Review Reports

Round 1

Reviewer 1 Report

Comments and Suggestions for Authors

This manuscript successfully established five methods targeted to EP-SPS specifically for the qualitative or quantitative detection of Rundao118 rice that its genome contains three copies of exogenous mutated EP-SPS and one copy of wild type ES-SPS. Beyond this, these methods facilitate the rapid determination of mutated EPSPS sequences in Rundao118 rice, the distinguishment of mutation from natural or artificial modification, enriching the arsenal of tools for genetically modified organism (GMO) detection and intellectual property protection. The manuscript provides solid results and is well written.

 

Minor issues

Fig 1, add the location of the primer Osep-3081R into the diagram.

Table 2, describe clearly how the theoretical value (%) was calculated.

Compare lanes 21-24 in Fig 5D and lanes 21-24 in Fig 2A, why the intensity of the band looked so different? Any explanation?

Author Response

REVIEWER 1: Minor issues

C1: Fig 1, add the location of the primer Osep-3081R into the diagram.

R1: The primer Osep-3081R is located at position 3081 of the rice EPSPS gene, which is nearly 2000 bp downstream of the region shown in Figure 1, making it impractical to display in the figure.

 

C2: Table 2, describe clearly how the theoretical value (%) was calculated.

R2: the theoretical value (%) = (3 × mutant rice DNA concentration)/(3 × mutant rice DNA concentration+1)×100%.

We have added the above information in the revised manuscript, please see Table 2 marked in blue.

 

C3: Compare lanes 21-24 in Fig 5D and lanes 21-24 in Fig 2A, why the intensity of the band looked so different? Any explanation?

R3: In Figure 2A, all lanes contain samples co-amplifying both mutated and non-mutated EPSPS genes, with nearly identical target concentrations across samples. As a result, no significant differences in amplification intensity are observed between lanes. In contrast, in Figure 5D (lanes 21–24), only the mutated EPSPS gene is amplified. Due to the extremely low concentration of the target template, the amplification bands appear faint. 

Author Response File: Author Response.docx

Reviewer 2 Report

Comments and Suggestions for Authors

(1) Please write the Latin name of the rice (Oryza L.) or (Oryza sativa L.) in the title.

(2) Please check the websites (lines 45 and 93). The content is little understood (no English translation available). The second website does not work. You might want to include the web pages in the bibliography as well.

(3) Please indicate the validity of the sequencing or modify and expand the information in the paragraph (lines 81-87). In the introduction it is described that the sequencing only detects the wild-type sequence (non-mutated ) of EPSPS. In contrast, the results say otherwise.

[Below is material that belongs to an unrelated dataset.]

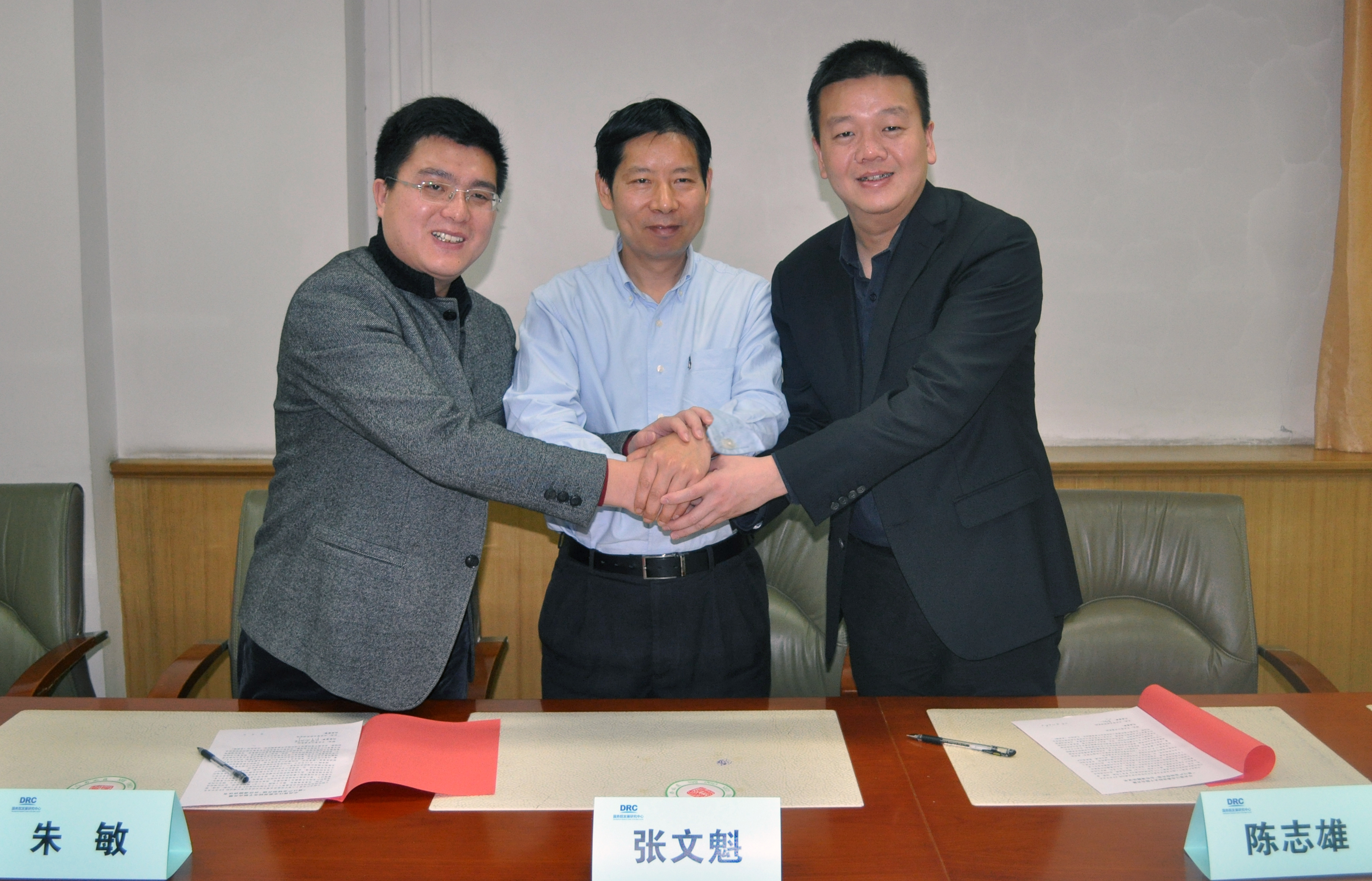 座谈在自由讨论中结束。在张文魁所长及课题组成员共同见证下,陈志雄校长与朱敏院长分别代表晋江市委党校和智石经济研究院,签署了课题合作协议,宣告课题正式启动实施。会后,中国政法大学博士生导师、晋江籍学者施鹏鹏教授赶来祝贺,并就产业转型的法治环境等话题与课题组进行了交流。

(4) Materials and methods: please specify how many samples were used. 1 resistant variety (in analyses with different concentrations of the mutated DNA), 1 sample of control and 10 conventional varieties? Is there a different number of samples in each analysis. It is easy to get lost on how many samples and which ones were used in each experiment.

(5) The materials and methods do not describe the use of different concentrations of mutant DNA for sequencing, whereas the results do. This is worth noting in the description of the sequencing methodology.

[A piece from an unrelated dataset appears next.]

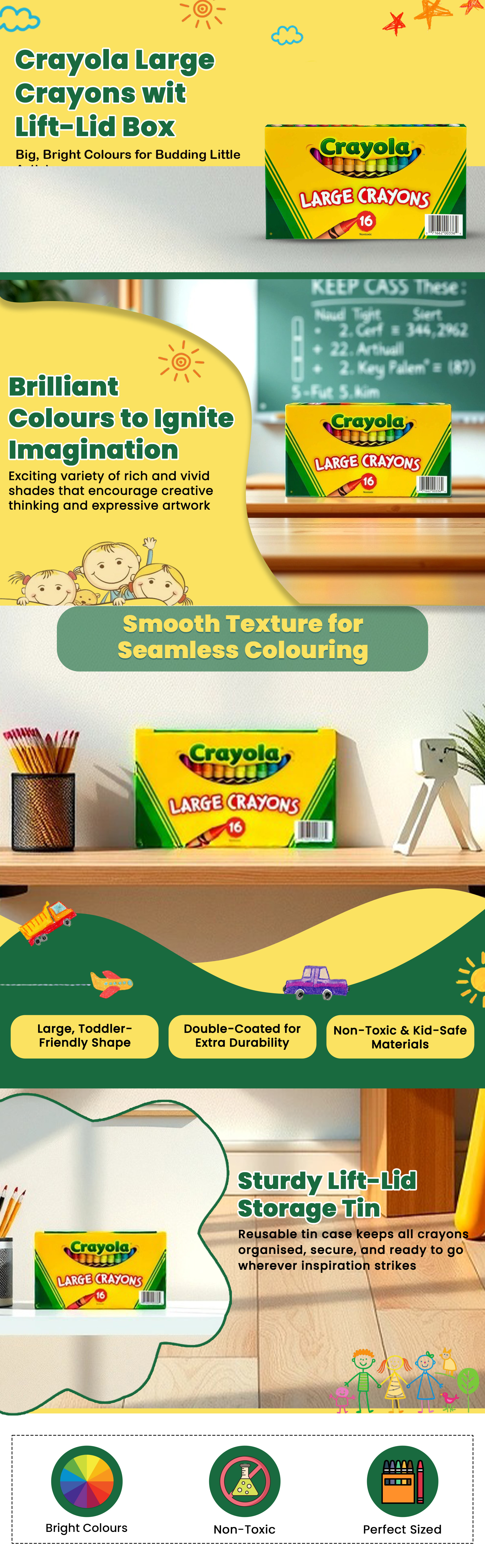 Crayola Large Crayons in Lift Lid Box Unisex, 3-4 Years, Pack of 16|The Kanaa

(6) There is a row in Table 1 with PLD, which was not mentioned anywhere in the methodology. It is worth adding this information.

(7) Why did AS-PCR use different concentrations of mutant DNA than the other methods? AS-PCR (100%, 10%, 1%, 0.1%, 0.05% and 0%), other methods (100%, 10%, 1%, 0.1%, 0.01% and 0%).

(8) Discussion: this chapter presents the summary results and conclusions. No discussion is provided. There are no references to other papers on similar topics and no discussion of the results in comparison with other scientific papers. Consequently, I can not classify this chapter as a “discussion”. This chapter needs significant improvement.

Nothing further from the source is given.